Sunday, December 28, 2025

2025 another year leaving...

I want to have a summary of 2025, let's see what i could find as positive & negative feelings:

Pros 2025:
New Job
New experience ( i could not image i can start a new professional job)
went to kenya
visited Dubai 3 times
saw my best friend 4 times this year
went to Djanet twice 
received an african dress and a traditinal clothes from Djanet
enjoyed music festival all summer
spent quality time with my parents
went playing with my nephews
walked a 10km race
cooked almost everyday for my parents
became the queen of brownies
did some crochet bags
get back to the gym
have seen many friends from polytech
loved too much

Cons 2025:
Lost my best friend +20 years
stopped the gym for almost 6 months
did not have the heartful experience on my second trip to djanet
was not able to maintain my thyroid levels to a stable number
could not focus on my self
emotionally depended
cried enough to fill up a whole dam
not a big fan of meeting people in real life
adopted remote work too often
unable to have a healthy eating routine
loved too much
feeling that i am closing myself to the world
not interested in anything
moody on daily basis


i don't know if these are all of them, i know that life is about ups and downs and anytime any day Elhamdoullah, God knows us and knows what is best for us!

I even don't have anything to wish for 2026 allah ydjib elkheir.. this is it!!



Thursday, December 18, 2025

حياتي غرامي حنو عليا شويا شويا

 حياتي غرامي حنو عليا شويا شويا

هذي اغنية من تيناريوان،غنوهالي مرة ولسقت فيا

في هذا العام الفارط وليت نكتب بالعربية ماشي الفصحة، الدارجة ،ماشي لأني نحب اللغة بصح لحب شخص ما.

بصح بعد عام انحس انو حبو ليا نقص ولا حبي ليه زاد.

في كيلا الحالات الوقت ابدل كل شيء بصح اغنية تيناريوان مازالها في بالي.

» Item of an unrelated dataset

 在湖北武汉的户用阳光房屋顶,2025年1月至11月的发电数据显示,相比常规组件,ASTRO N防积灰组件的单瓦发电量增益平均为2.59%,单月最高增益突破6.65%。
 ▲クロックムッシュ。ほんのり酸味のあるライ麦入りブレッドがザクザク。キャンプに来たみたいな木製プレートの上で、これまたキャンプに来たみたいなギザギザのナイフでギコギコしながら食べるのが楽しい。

أنا نمشي في هاذا الدنيا بقلبي حتى َ ان دخلني في كثر من حيط بصح مانعرفش مانتبعوش، ندعي ربي القوة باش نقابل هذاك الحيط ونكمل طريقي.

انا نحب الحب و انحب نحب و نفرح الناس.

بصح هذي الدنيا واعرة مع المشاعر و الاحساس،

Thursday, December 11, 2025

Be Yourself always and everyday!!

 I have been part of the African Startup conference this week, it was a nice opportunity for my company to approach leader operators and show them what we are able to do.

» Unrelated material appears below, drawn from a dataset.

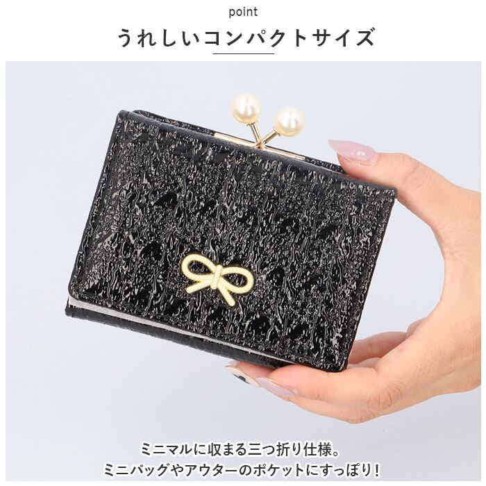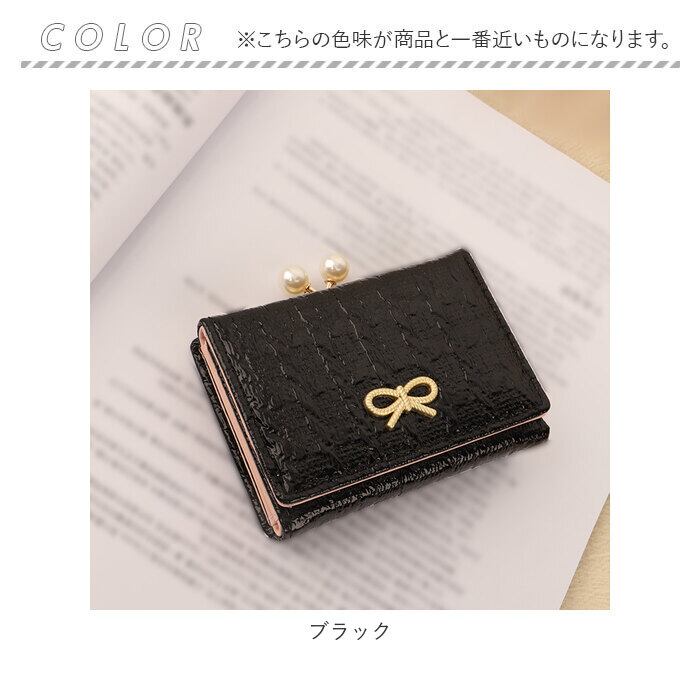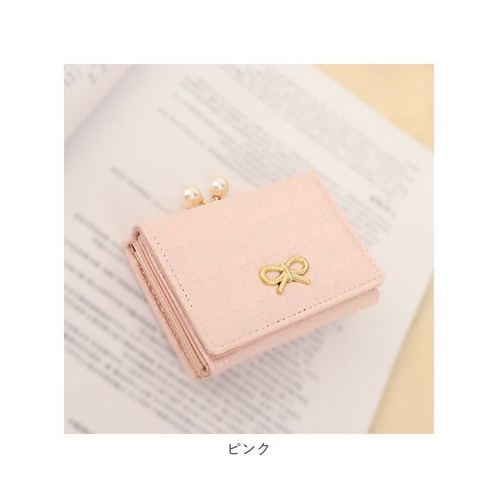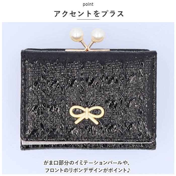・がま口部分のイミテーションパールや、フロントのリボンデザインがポイント♪

this exercise require a lot of social energy, welcoming people, smiling to them, explaining what we do, asking the right questions to see how we could fit in their ecosystem, exchanging numbers or contact and hoping to be able to build something together in the future.

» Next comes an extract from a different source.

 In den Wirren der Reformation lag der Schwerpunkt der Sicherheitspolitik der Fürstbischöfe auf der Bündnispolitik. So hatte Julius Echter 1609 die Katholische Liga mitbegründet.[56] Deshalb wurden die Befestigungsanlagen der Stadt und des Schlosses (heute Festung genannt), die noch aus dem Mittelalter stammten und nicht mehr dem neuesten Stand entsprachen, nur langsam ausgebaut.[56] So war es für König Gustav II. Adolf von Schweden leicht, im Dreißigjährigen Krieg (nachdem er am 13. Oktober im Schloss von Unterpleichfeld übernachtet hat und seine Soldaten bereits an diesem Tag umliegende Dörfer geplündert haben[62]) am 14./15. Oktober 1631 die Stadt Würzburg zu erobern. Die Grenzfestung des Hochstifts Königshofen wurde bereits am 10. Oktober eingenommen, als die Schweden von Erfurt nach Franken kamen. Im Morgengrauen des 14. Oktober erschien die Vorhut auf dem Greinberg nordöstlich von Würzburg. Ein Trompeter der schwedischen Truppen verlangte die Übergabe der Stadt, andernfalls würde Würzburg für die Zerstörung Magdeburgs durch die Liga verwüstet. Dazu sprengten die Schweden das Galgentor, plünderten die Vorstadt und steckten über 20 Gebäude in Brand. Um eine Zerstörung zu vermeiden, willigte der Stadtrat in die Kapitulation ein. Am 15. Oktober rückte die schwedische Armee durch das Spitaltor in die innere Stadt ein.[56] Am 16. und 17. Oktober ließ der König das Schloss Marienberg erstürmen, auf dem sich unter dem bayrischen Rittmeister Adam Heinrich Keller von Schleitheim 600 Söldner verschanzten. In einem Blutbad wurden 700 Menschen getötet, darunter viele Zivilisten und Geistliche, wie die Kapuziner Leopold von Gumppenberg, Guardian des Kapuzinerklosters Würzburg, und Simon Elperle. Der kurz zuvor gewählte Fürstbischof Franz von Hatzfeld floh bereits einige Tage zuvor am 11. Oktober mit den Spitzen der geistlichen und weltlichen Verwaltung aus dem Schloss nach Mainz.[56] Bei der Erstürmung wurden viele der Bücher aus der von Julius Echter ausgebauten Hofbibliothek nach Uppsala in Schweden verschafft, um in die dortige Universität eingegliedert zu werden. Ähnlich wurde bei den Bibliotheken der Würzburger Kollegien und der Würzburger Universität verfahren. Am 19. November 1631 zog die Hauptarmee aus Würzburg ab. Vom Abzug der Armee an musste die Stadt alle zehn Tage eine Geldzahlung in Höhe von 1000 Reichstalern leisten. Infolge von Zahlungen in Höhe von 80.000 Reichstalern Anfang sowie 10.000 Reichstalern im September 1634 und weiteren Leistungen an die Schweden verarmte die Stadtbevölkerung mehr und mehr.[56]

In the same time this is an opportunity to meet my mates, people from my university that i did not have the chance to keep in touch on daily bases, and these are my chargers, as draining it can be in an event to talk to people the moment i meet someone from polytech i feel plugged and charging energy. honestly i cannot explain it.

I have met my twiny in the name and in the university and after a long talk we realized that we went through few difficulties even if we were quite far from each others. and this was the most amazing feeling. i heard a sentence this week saying may be God is using you to make people happy and help them to be better, and this person healed a part of my pain and helped me to face a fear i never expressed.

Life is made in a weird way, i have been known as a joyful full of energy person in the university and even after, so everyone remembers my voice, my smile my energy i feel like a hurricane when i arrive somewhere, when i see my self right now, when i realize that i just want a quiet place with the loved one, i feel i have changed or may be i just need to co-exist with both version.

being under the spotlight eats a lot of energy and recharging can be in different ways: being loved, being appreciated, or being alone and focusing on every breath.

when it get too loud i just close and be me, quieter but still nice and smiling.

!i guess you got it we are several in me , let's see how lucky you can get and who can face you hihihii!